Required work: Although the records contain pictures, none belong in the copy: restate word for word only the lines from the one with "Julia Wilhelm (19)" through the one with "Members of Anhui", both included.

Records to process:
★ ★ ★ ★

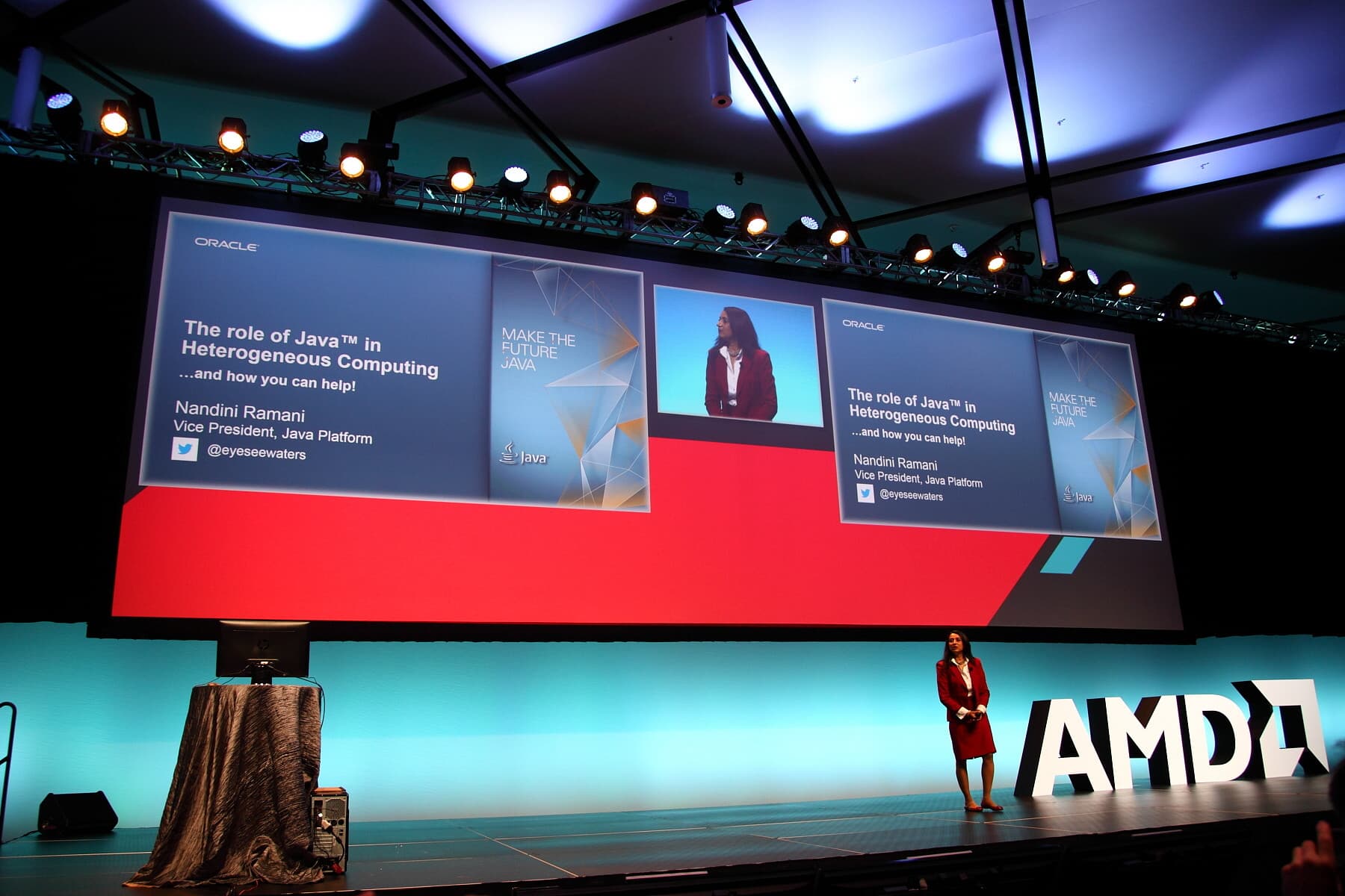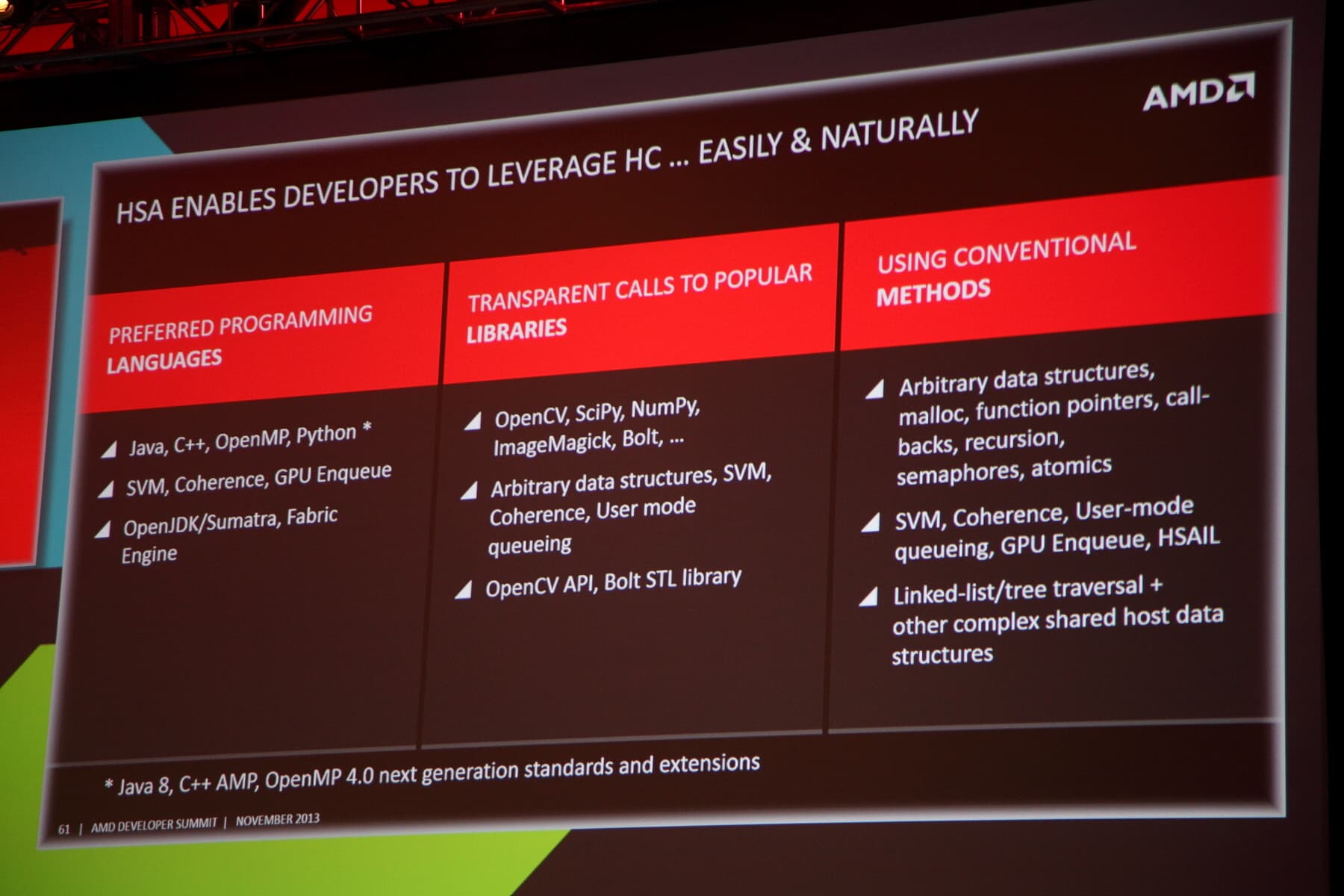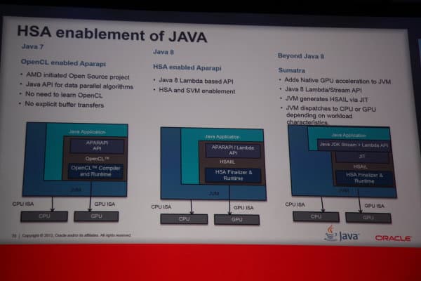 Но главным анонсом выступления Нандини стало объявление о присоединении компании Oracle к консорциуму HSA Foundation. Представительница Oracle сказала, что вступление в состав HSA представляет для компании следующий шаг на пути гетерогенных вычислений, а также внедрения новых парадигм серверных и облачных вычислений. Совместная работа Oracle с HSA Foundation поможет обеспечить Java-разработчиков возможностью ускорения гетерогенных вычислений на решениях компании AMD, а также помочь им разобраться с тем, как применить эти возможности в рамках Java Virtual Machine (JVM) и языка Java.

★ ★ ★ ★

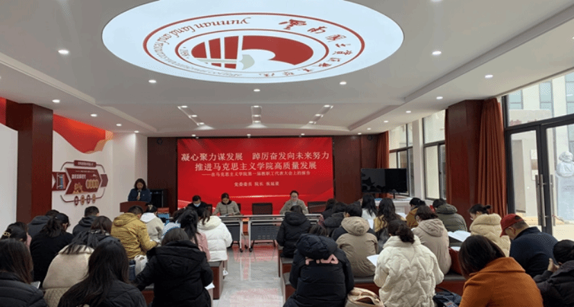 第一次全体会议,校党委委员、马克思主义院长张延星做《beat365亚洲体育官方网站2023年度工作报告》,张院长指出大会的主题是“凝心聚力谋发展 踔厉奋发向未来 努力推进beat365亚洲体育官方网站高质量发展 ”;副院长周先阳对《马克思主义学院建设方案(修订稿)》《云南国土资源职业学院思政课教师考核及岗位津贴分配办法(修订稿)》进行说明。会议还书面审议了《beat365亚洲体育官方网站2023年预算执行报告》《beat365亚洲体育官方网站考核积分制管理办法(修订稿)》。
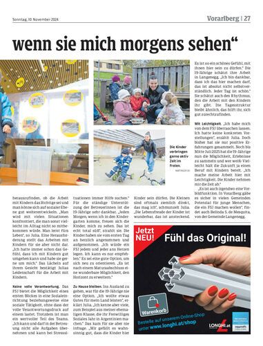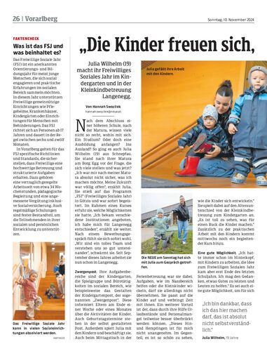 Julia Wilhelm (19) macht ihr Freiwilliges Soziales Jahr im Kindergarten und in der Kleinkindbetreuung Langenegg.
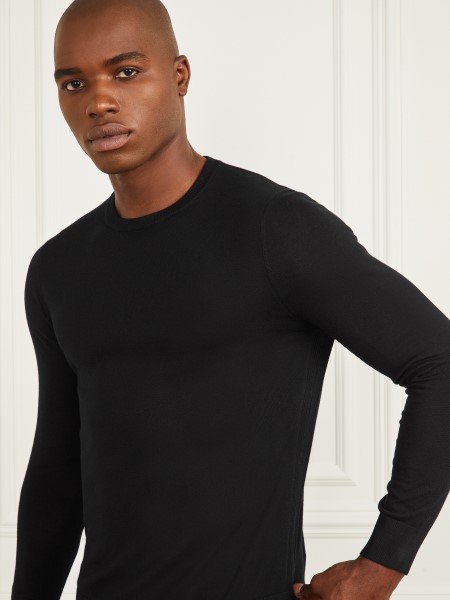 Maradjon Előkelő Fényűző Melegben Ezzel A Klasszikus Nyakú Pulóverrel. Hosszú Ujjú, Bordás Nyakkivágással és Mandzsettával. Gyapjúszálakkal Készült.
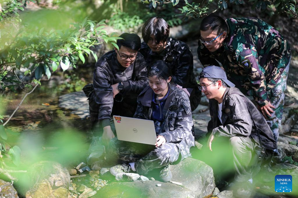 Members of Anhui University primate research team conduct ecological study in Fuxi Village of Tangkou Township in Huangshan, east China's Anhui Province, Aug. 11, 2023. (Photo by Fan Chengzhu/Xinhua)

★ ★ ★ ★

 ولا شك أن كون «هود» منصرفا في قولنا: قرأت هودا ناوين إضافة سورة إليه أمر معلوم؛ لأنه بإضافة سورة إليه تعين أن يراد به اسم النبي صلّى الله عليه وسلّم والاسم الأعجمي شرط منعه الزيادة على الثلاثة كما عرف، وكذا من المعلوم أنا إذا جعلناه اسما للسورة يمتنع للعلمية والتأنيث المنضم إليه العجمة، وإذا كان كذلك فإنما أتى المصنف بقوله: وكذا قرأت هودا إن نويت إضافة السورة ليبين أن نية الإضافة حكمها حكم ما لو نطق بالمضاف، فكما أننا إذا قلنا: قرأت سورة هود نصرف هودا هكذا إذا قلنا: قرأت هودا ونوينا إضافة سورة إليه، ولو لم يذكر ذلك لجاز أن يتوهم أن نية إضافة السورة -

★ ★ ★ ★

Solution for this problem:
 Julia Wilhelm (19) macht ihr Freiwilliges Soziales Jahr im Kindergarten und in der Kleinkindbetreuung Langenegg.
 Maradjon Előkelő Fényűző Melegben Ezzel A Klasszikus Nyakú Pulóverrel. Hosszú Ujjú, Bordás Nyakkivágással és Mandzsettával. Gyapjúszálakkal Készült.
 Members of Anhui University primate research team conduct ecological study in Fuxi Village of Tangkou Township in Huangshan, east China's Anhui Province, Aug. 11, 2023. (Photo by Fan Chengzhu/Xinhua)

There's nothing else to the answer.